1:20:13 - 1:20:20     Text: And you could also consider, yeah, so this example would not teach the model how to paraphrase.

1:20:20 - 1:20:24     Text: And at the other extreme, you could also consider an extremely challenging memory.

1:20:24 - 1:20:29     Text: Like Paris's tallest tower finished the same year Van Gogh painted the start night.

1:20:29 - 1:20:33     Text: So yes, that also says the same fact, but the answer doesn't even directly appear.

1:20:33 - 1:20:36     Text: It's just too hard for the model.

1:20:36 - 1:20:40     Text: So if all of your examples are like this too easy memory, then you end up with a reader

1:20:40 - 1:20:42     Text: that is kind of spoiled.

1:20:42 - 1:20:45     Text: It never learns to paraphrase.

1:20:45 - 1:20:49     Text: And at test time, if your memories that are retrieved are not as good, the reader is not

1:20:49 - 1:20:51     Text: going to be able to use them.

1:20:51 - 1:20:56     Text: So a simple fix to this problem, I don't have a paper that I can cite exactly for this,

1:20:56 - 1:21:01     Text: but at training time, you can simply filter out some of the memories that have lexical overlap.

1:21:01 - 1:21:03     Text: That's too high.

1:21:03 - 1:21:08     Text: At the same time, you also want to make sure that you don't filter out so many of the easy

1:21:08 - 1:21:12     Text: things that you're just left with the super hard cases, like the one on the bottom.

1:21:12 - 1:21:15     Text: Because if you only have the super hard cases, your model will get confused.

1:21:15 - 1:21:20     Text: And as we saw in the previous slides, it might just fall back on its parametric memory.

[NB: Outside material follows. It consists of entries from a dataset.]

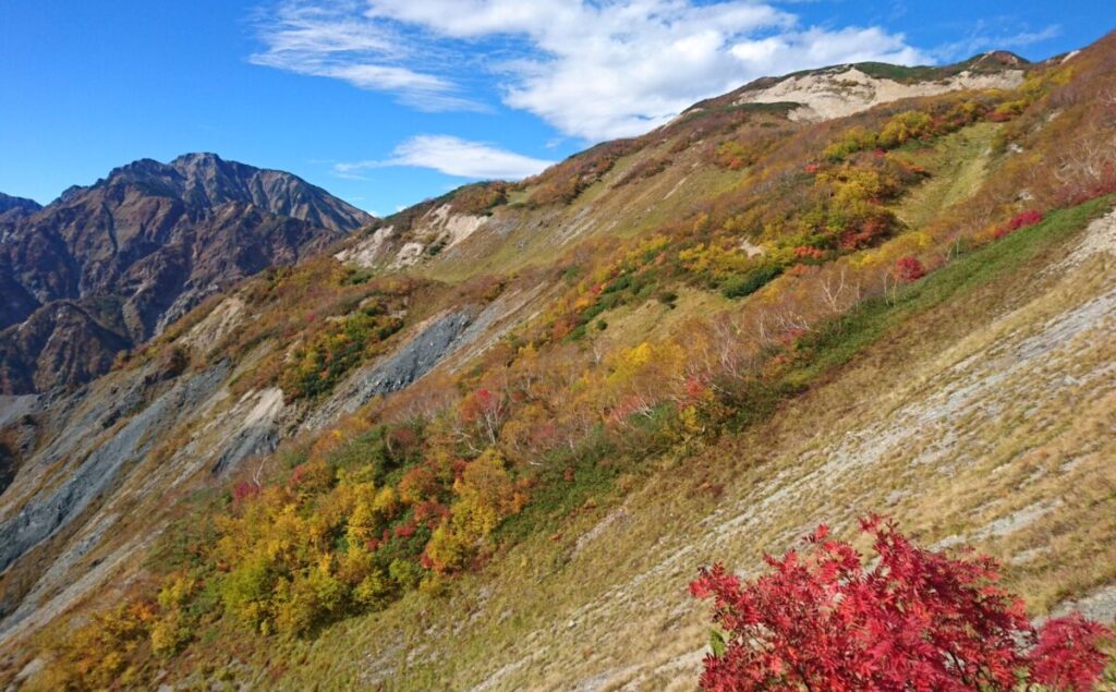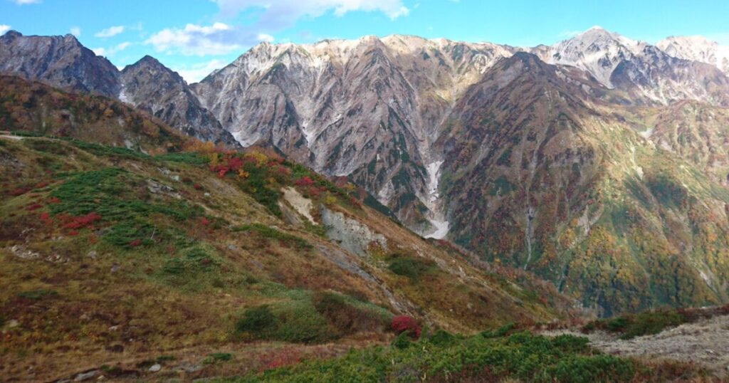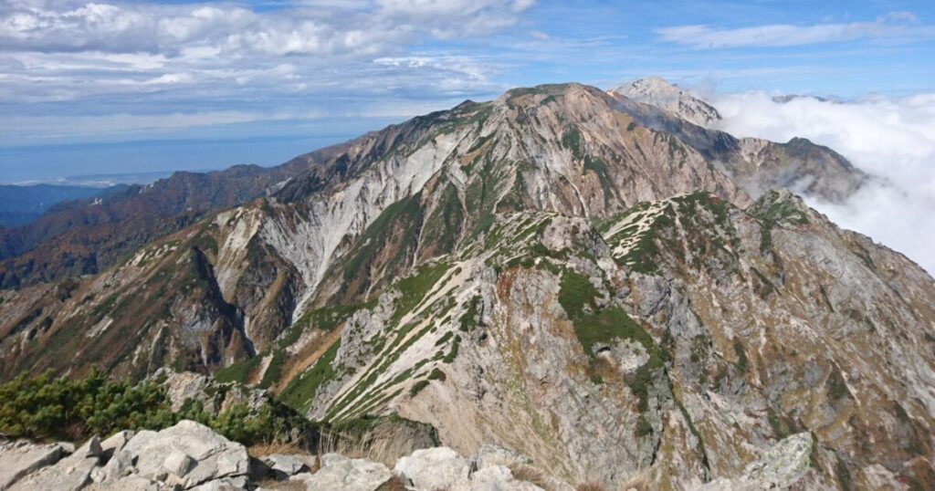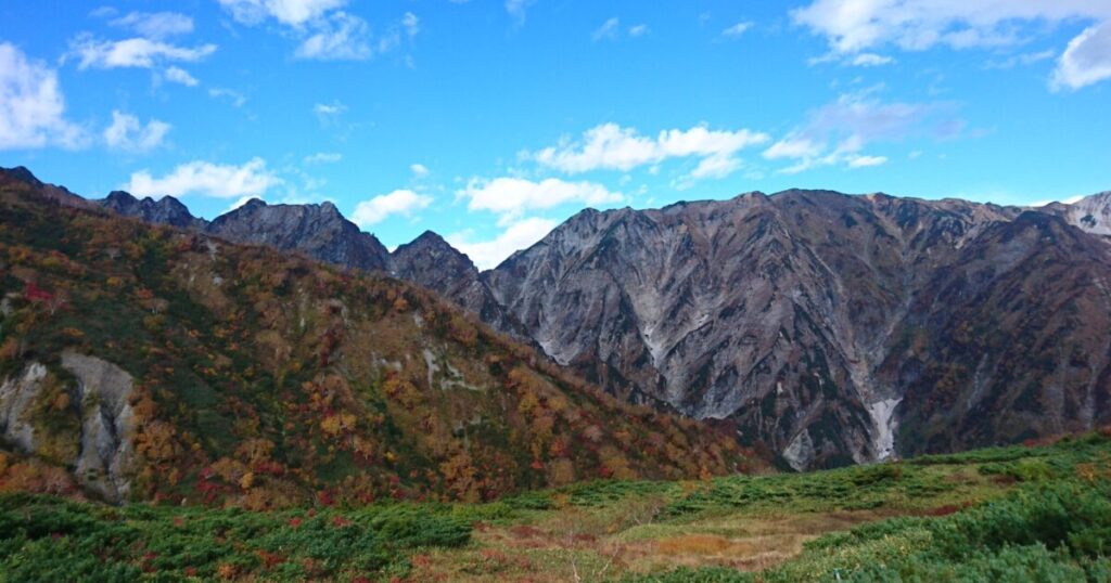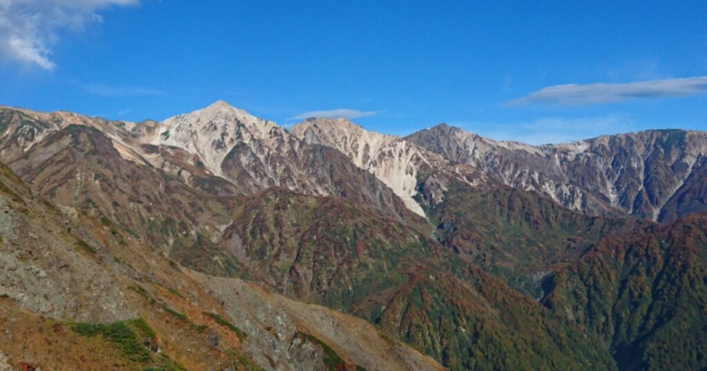 【唐松岳】彫刻のような山肌と黄金色の秋を楽しむ
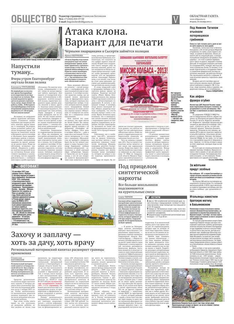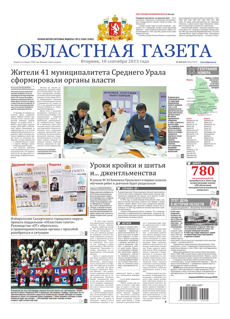 «Областная газета» № 418–419 (7076–7077) от 10 сентября 2013 года
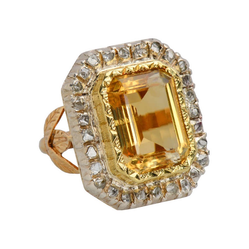 For those looking for the maximum in presence and glam….voil this French citrine diamond ring.

1:21:20 - 1:21:25     Text: So this is sort of just an area for open research of how to give the reader a flexible set

1:21:25 - 1:21:27     Text: of things to train from.

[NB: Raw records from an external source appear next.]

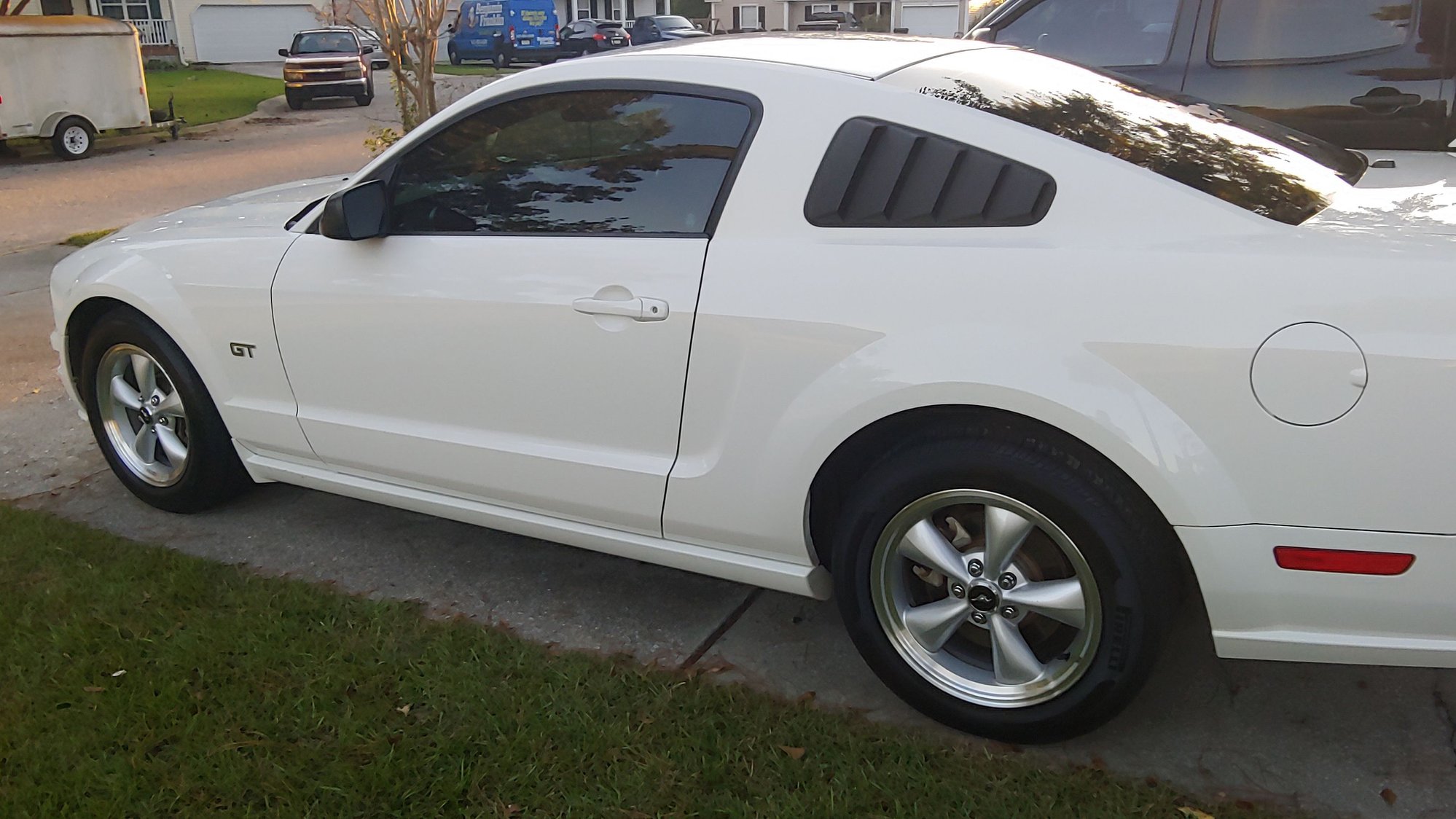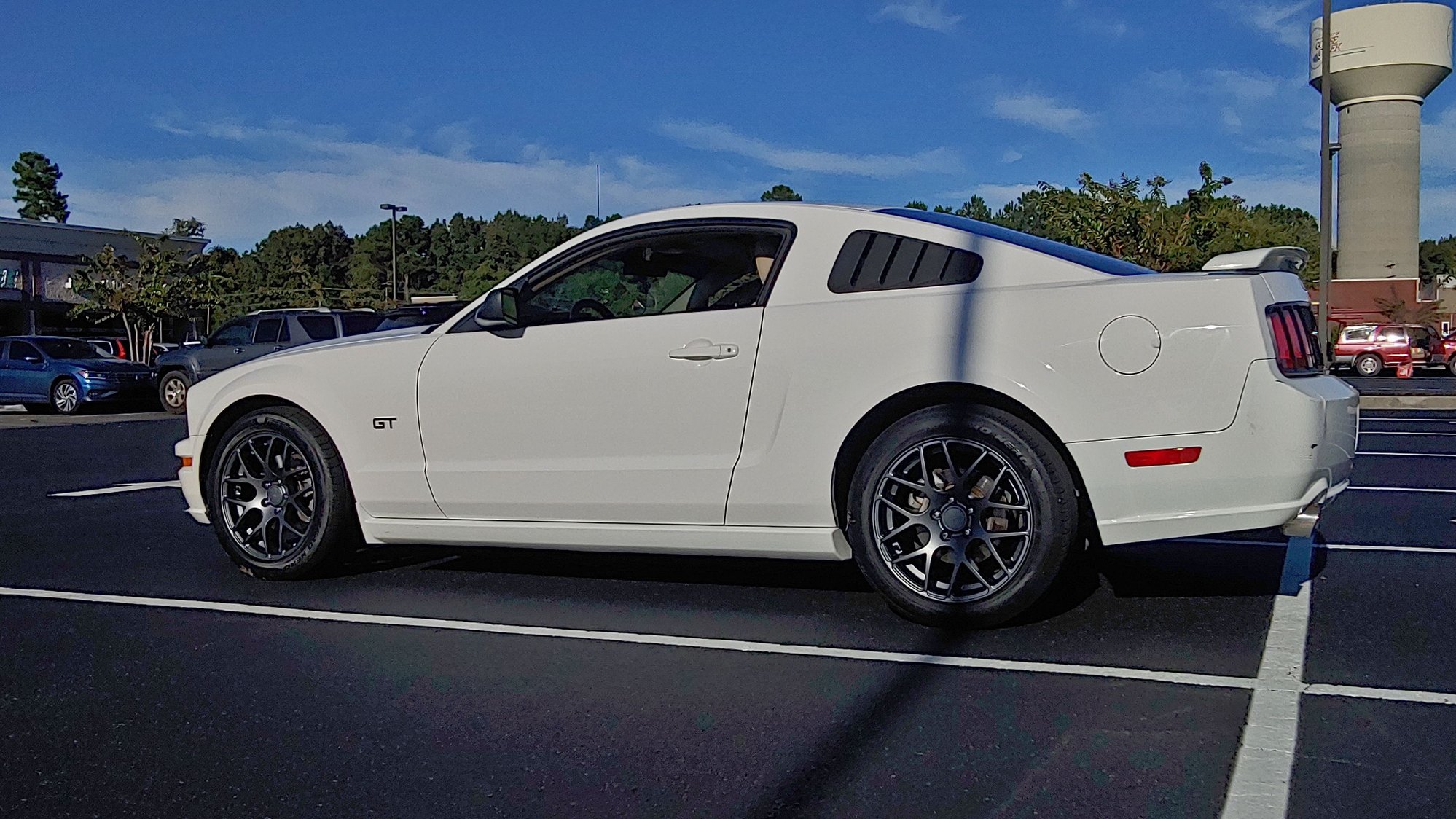 I had the 14 wheels on for a couple days and actually liked them, and the couple times I went thru the car wash, they are easy to clean I gotta admit. There is some minor curb rash on 2 of them, and numerous chips in the paint, so my plan was to get them fixed and resprayed, then get tires for on them as a backup set. And if I get tired of cleaning the other ones, might be a good enough reason for a break also. Next brake job will be to ceramic pads to cut down on the dust. The factory bullitts are in great shape, but I just don't have the room to store everything, as I also have a set of wheels for my Tacoma with all terrains on them. If you hear of anyone needing/wanting a great set of factory bullitts in silver 17x8, tell them to contact me. I like the way you think houtex.
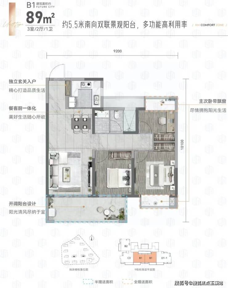 能建未来城深知不同家庭的居住需求,推出建筑面积约78 - 135m²的多元户型,首推户型建筑面积约78 - 108m² ,涵盖两房、三房等多种布局,满足从二人世界到三代同堂的全生命周期置业需求。比如建面约89㎡户型,独立入户玄关,赋予归家满满仪式感;客厅、餐厅、厨房一体化设计,空间开阔,社交、聚会轻松hold住;双联阳台,一半用来打造绿植小天地,一半用于健身、休闲;可拓展飘窗设计,为孩子打造专属小世界 。
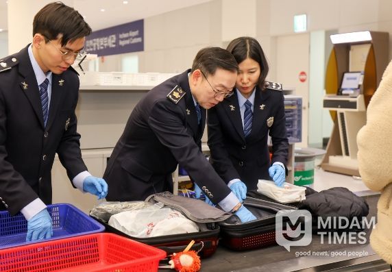 미담타임스 김교환 기자 | 관세청은 22일 이명구 관세청장이 인천공항을 찾아, 여행자 휴대품 검사관들과 함께 우범 수하물 선별 및 개장검사, 우범여행자 신체 및 밀리미터파 검색기 운용 등 마약 검사업무를 직접 수행하며 여행자 분야 마약 단속 현장을 점검하고, 지난 5일 발표한 ‘관세청 마약 단속 종합 대책’의 철저한 이행을 주문했다고 밝혔다.
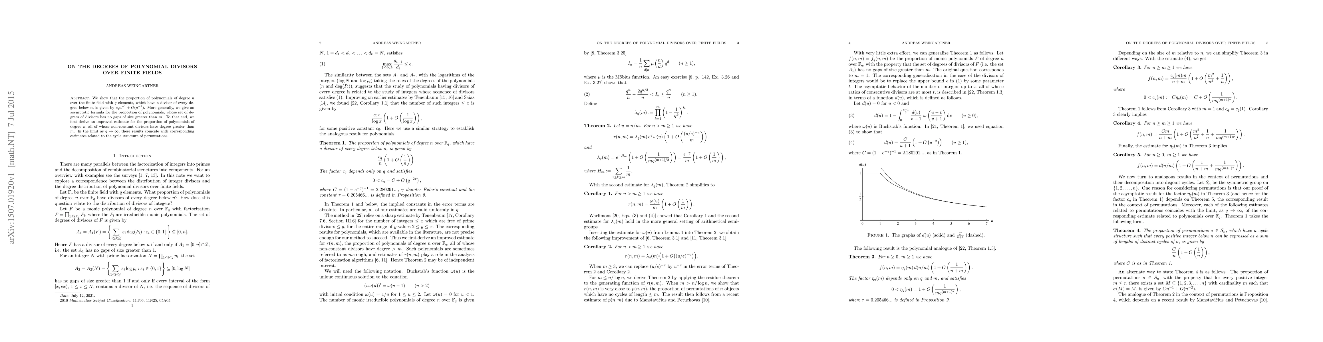 We show that the proportion of polynomials of degree $n$ over the finite field with $q$ elements, which have a divisor of every degree below $n$, is given by $c_q n^{-1} + O(n^{-2})$. More generally, we give an asymptotic formula for the proportion of polynomials, whose set of degrees of divisors has no gaps of size greater than $m$. To that end, we first derive an improved estimate for the proportion of polynomials of degree $n$, all of whose non-constant divisors have degree greater than $m$. In the limit as $q \to \infty$, these results coincide with corresponding estimates related to the cycle structure of permutations.

1:21:27 - 1:21:29     Text: Great, yeah.

1:21:29 - 1:21:32     Text: So I've covered pretty much everything in that section as well.

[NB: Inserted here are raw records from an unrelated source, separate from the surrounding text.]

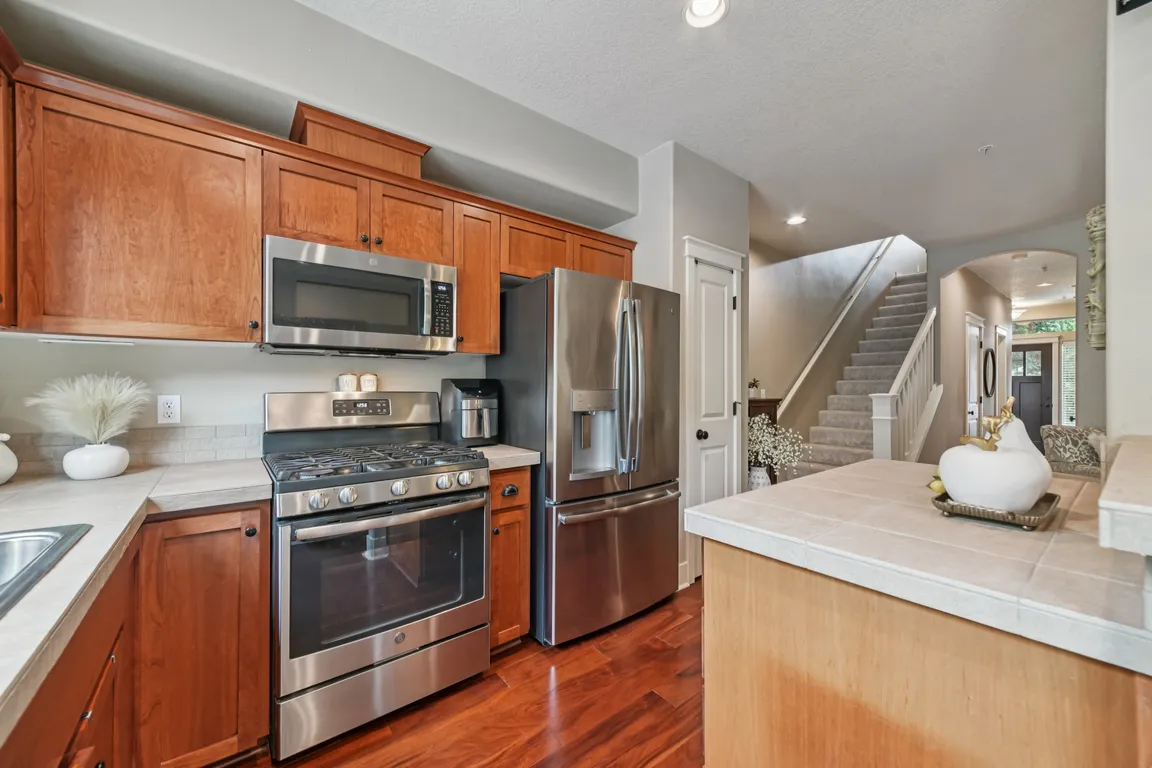 - Features: Dishwasher, Disposal, Gas Appliances, Island, Microwave, Pantry, Free Standing Range, Free Standing Refrigerator, High Ceilings
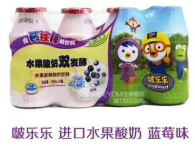 HS有卫检:啵乐乐水果酸奶(蓝莓味)100ML国内产
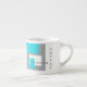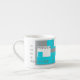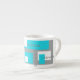 CAFÉ PUISSANCE Turquoise, tasse à café blanc et gris.
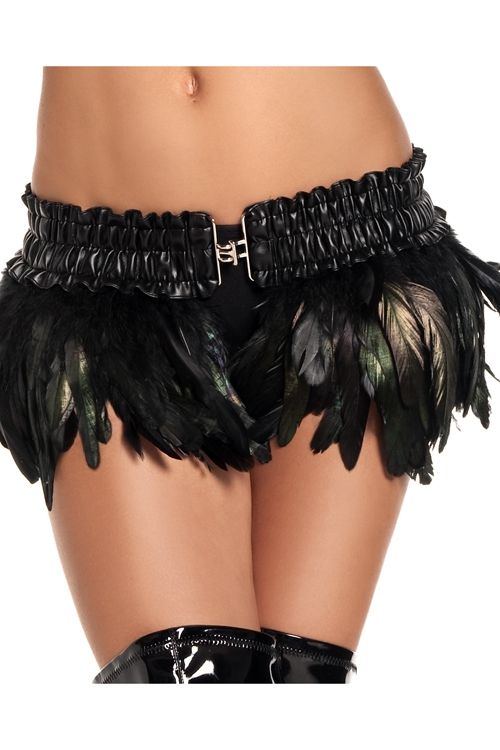 Черная перьевая юбочка - это экзотическая мини-юбочка на черном эластичном поясе. К поясу прикреплены черные перья, юбка застегивается при помощи крючка.

1:21:32 - 1:21:36     Text: The main takeaway is that, like for you guys to have is that getting your model to use

1:21:36 - 1:21:38     Text: memories is not hard.

1:21:38 - 1:21:39     Text: There's some simple approaches.

1:21:39 - 1:21:44     Text: But getting your model to use memory correctly is actually an interesting open question.

1:21:44 - 1:21:50     Text: And there's this issue of underutilization and overreliance that are open areas of research.

1:21:50 - 1:21:51     Text: And that's it.

1:21:51 - 1:21:54     Text: I hope that you guys saw some interesting things about memory augmented models and are

1:21:54 - 1:21:56     Text: encouraged to look into that area.

1:21:56 - 1:22:00     Text: If there are any questions, please feel free to email me or message me.

1:22:00 - 1:22:02     Text: Have you to talk about it more.

1:22:02 - 1:22:04     Text: Thanks for sitting through a 90 minute lecture.